Также попроще,но побыстрей испы-тывался на максимальный скоростной напор самый большой самолет Ан-124Т 'Руслан' в 1992 году. На таком самолете можно было разместить столько аппаратуры, что замерять нагрузку было бы возможно в самых 'интимных' местах. Но руководство фирмы решило иначе. И вот экипаж согласно полетного задания, дав полные обороты четырем двигателям, устремился навстречу судьбе. На максимальной скорости разрушилась носовая часть фюзеляжа, и обломки, попав в сопла двигателей, вывели их из строя. Самолет мог лететь только со снижением. Чтобы покинуть его необходимо было разгерметизировать кабину. На это требуется некоторое время. В результате успел выпрыгнуть и то очень низко только один человек, а восемь остались в упавшем в лес и взорвавшемся самолете.
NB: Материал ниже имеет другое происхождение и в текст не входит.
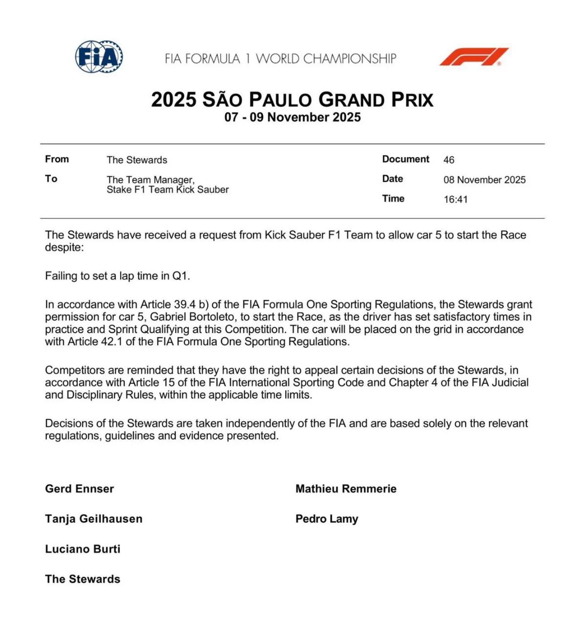 “De acordo com o artigo 39.4 b) do Regulamento Esportivo de Fórmula 1 da FIA, os comissários dão permissão para que o carro 5, de Gabriel Bortoleto, dispute a corrida, uma vez que o piloto teve tempo satisfatório nos treinos e qualificatórias para a sprint nesta competição”, concluiu a FIA.
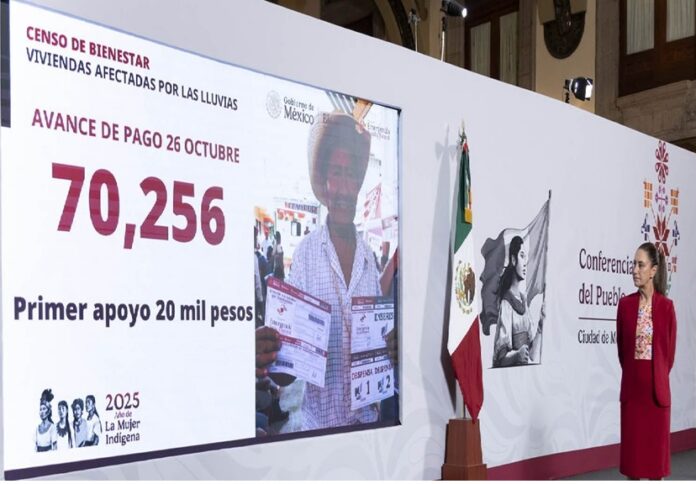 27.10.2025 Ciudad de México.- El Gobierno de México, a través de la Secretaría de Bienestar, informó que, al 26 de octubre, 70 mil 256 personas han recibido el primer apoyo de 20 mil pesos, así como dos vales de despensa y uno de enseres, por las afectaciones a causa de las lluvias extraordinarias registradas a comienzos de octubre en Veracruz, Hidalgo, Puebla, San Luis Potosí y Querétaro.

Описанные случаи относятся к так называемой статической прочности самолета. Есть еще понятие прочности динамической. С первых лет авиации её преследовало грозное, опасное явление ФЛАТТЕР. Это вибрация, наступающая на определенной скорости полета с бы-стронарастающей амплитудой, приводящей к разрушению конструкции самолета. Это явление стало объектом исследования ученых. Еще в тридцатые годы была выяснена аэродинамическая природа этого явления. Было определено понятие критической скорости, при которой наступает флаттер. Задачей летных и теоретических исследований стало определение этой скорости и возможностей её увеличения за пределы эксплуатционных значений. Первые летные исследования на эту тему проводил в 1940 году летчик-испытатель ЦАГИ и ЛИИ М.Л.Галлай. Полет по этой программе чуть не кончился катастрофой. Самолет был деформирован до полного списания и с. большим трудом посажен. В том же году из-за флаттер-ного разрушения на самолете Поликарпова СПБ погиб летчик-испытатель М. А. Липкин. В дальнейшем, к счастью, результаты теоретических и лабораторных исследований оказались очень эффективными, и в последующие годы необходимость в рискованных летных испытаниях отпала. Случаи флаттера имели место на опытных самолетах еще в шестидесятые годы, но уже не носили того разрушительного характера, а летные испытания имели чисто исследовательский характер. Особая роль в победе над флаттером принадлежит М.В.Келдышу, бывшему в тридцатых годах научным сотрудником ЦАГИ (впоследствии президенту Академии наук).
Теперь расскажем, зачем Юлиан Пионтковский делал роковую бочку. Вот что рассказал в 1959 году М.Л.Галлаю А.А.Головин, который в 1940 г. был представителем моторного ОКБ Климова на фирме Яковлева и регулировал моторы на двух первых экземплярах И-26. Пионтковский летал на первом экземпляре, на втором - Корзинщиков. У Пионтковского грелся мотор, так как масляный радиатор был установлен сверху капота, И воздух его обходил. У Корзинщикова радиатор был под мотором, и все было нормально. Корзинщиков после задания крутил над аэродромом бочки, А. Пионтковскому было не до бочек: дай бог сесть, все температуры у красной черты. Но аэродромная молва, которая доходила до Пионтковского, трактовала это так: 'Один может, а другому слабо.'
И вот Юлиан решил тоже крутануть бочку. В то время бочки делались не так, как на современных самолетах. Тогда бочки делались с предварительным созданием перегрузки. Почему крыло отломилось у Пионтковского, а у Корзинщикова - нет? Почему из двух одинаково 'виновных' 'наказанным' был один Пионтковский? Вероятно, Корзинщиков делал бочки с меньшей перегрузкой. В общем это уже капризы проказницы Фортуны. А малопочтенная традиция соревновательности без обоснования профессиональной необходимости сохраняется и до сих пор, и катастрофа Пионтковского по этой причине, к сожалению, не была последней.